A function $f: \mathbb{R^n} \to \mathbb{R^m}$ is differentiable at $a$ if there exists a linear map $ \lambda: \mathbb{R^n} \to \mathbb{R^m}$ such that
$$\lim_{h \to 0} \frac{\|f(a+h) - f(a) - \lambda(h)\|}{\|h\|} = 0$$
So clearly, if $f$ is differentiable at $a$ then $\lim_{h \to 0} f(a+h) - f(a) - \lambda(h) = 0$, but where do you proceed from here?
More explicitly:
The limit shows that for any $\epsilon>0$, there exists a $\delta>0$ so that if $\|h\| < \delta$, then $\|f(a+h) - f(a) - \lambda(h)\| \leq \epsilon \|h\|$. $\lambda$ is continuous, hence bounded, so we have $\|\lambda(h)\| \leq K \|h\|$, for some $K$.

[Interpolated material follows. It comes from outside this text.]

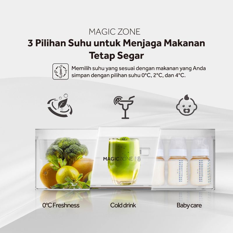 Produk ini memiliki fitur "Magic Zone" pada suhu 0 hingga 4 derajat Celcius, Anda dapat memastikan makanan Anda tetap segar dan aman untuk dikonsumsi. Suhu ini ideal untuk menyimpan berbagai jenis makanan, mulai dari susu asi yang membutuhkan pendinginan tepat untuk mempertahankan nutrisi hingga buah dan sayuran yang membutuhkan lingkungan yang dingin untuk memperlambat proses pembusukan.

Then we have $\|f(a+h) - f(a)\| \leq \|f(a+h) - f(a) - \lambda(h)\| + \|\lambda(h)\|\leq (\epsilon + K ) \|h\|$.
Now let $\eta >0$, then if $\|h\| < \min(\delta, \frac{\eta}{\epsilon+K})$, we have $\|f(a+h) - f(a)\| < \eta$, which shows that $f$ is continuous at $a$.
Note that $\lambda$ is linear, so $\lim\limits_{h\to 0} \lambda(h)=0$. Thus $\lim\limits_{h\to 0} f(a+h)-f(a)=0$, which is equivalent to $\lim\limits_{x\to a}f(x)=f(a)$, one of the definitions of continuity (of course all the definitions are equivalent).
Since $\lambda(h)$ is a linear mapping from $\mathbb{R}^n$ to $\mathbb{R}^m$, it is continuous and $\lambda(0)=0$. Hence $\displaystyle \lim_{h\rightarrow 0}\lambda(h)=\lambda(0)=0$.